--- Source data ---
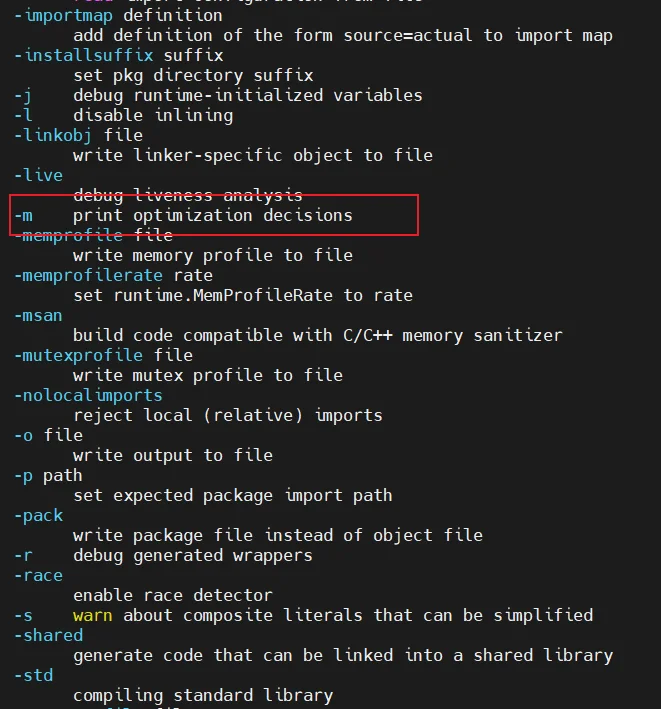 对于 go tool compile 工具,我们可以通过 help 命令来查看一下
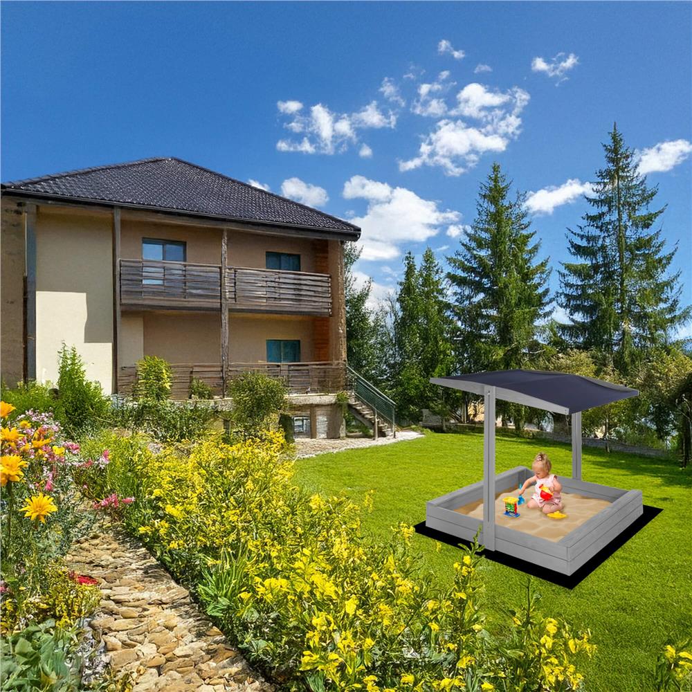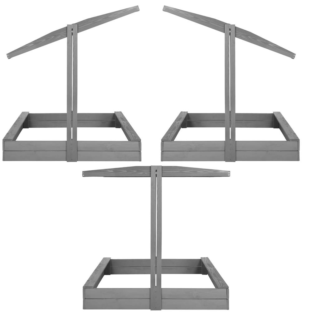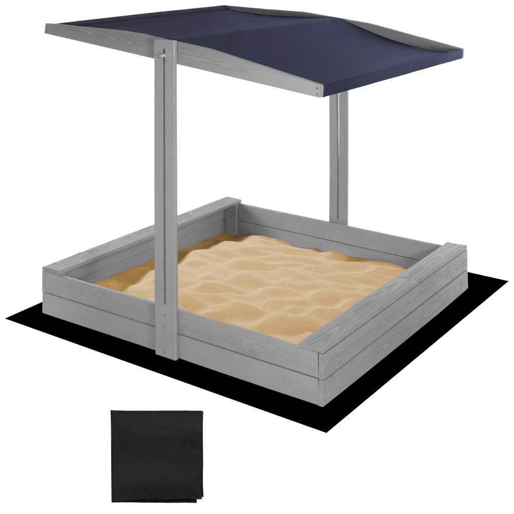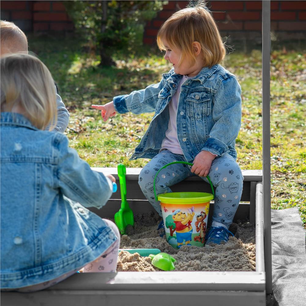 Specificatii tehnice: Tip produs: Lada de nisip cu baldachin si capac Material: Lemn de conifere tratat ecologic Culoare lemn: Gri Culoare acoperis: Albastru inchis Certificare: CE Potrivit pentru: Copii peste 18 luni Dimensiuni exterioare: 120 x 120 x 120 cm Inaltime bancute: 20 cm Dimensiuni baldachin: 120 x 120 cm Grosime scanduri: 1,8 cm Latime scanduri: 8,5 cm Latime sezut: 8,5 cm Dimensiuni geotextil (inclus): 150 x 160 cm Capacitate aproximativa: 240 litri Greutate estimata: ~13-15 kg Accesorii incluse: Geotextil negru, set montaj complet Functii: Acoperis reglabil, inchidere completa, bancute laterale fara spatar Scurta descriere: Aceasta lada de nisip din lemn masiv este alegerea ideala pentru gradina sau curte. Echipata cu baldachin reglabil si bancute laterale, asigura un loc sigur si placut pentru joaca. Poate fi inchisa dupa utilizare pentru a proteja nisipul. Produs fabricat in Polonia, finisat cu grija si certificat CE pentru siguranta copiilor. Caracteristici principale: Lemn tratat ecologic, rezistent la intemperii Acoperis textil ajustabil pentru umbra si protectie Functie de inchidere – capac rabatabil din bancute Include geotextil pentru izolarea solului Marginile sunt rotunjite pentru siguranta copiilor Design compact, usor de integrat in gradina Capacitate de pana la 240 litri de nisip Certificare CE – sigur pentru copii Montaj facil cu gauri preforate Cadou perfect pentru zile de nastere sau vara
---
--- Source data ---
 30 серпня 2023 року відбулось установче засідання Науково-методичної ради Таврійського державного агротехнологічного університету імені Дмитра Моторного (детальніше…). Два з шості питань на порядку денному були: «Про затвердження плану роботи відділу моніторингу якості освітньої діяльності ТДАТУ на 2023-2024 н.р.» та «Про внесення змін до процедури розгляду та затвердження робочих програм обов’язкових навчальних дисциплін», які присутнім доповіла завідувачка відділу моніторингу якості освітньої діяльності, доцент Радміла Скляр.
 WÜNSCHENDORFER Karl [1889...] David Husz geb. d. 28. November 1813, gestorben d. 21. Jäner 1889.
---
With the line that has "30 серпня 2023" as the first and the line that has "WÜNSCHENDORFER Karl [1889...]" as the last, repeat exactly that run of lines above and no more.

 30 серпня 2023 року відбулось установче засідання Науково-методичної ради Таврійського державного агротехнологічного університету імені Дмитра Моторного (детальніше…). Два з шості питань на порядку денному були: «Про затвердження плану роботи відділу моніторингу якості освітньої діяльності ТДАТУ на 2023-2024 н.р.» та «Про внесення змін до процедури розгляду та затвердження робочих програм обов’язкових навчальних дисциплін», які присутнім доповіла завідувачка відділу моніторингу якості освітньої діяльності, доцент Радміла Скляр.
 WÜNSCHENDORFER Karl [1889...] David Husz geb. d. 28. November 1813, gestorben d. 21. Jäner 1889.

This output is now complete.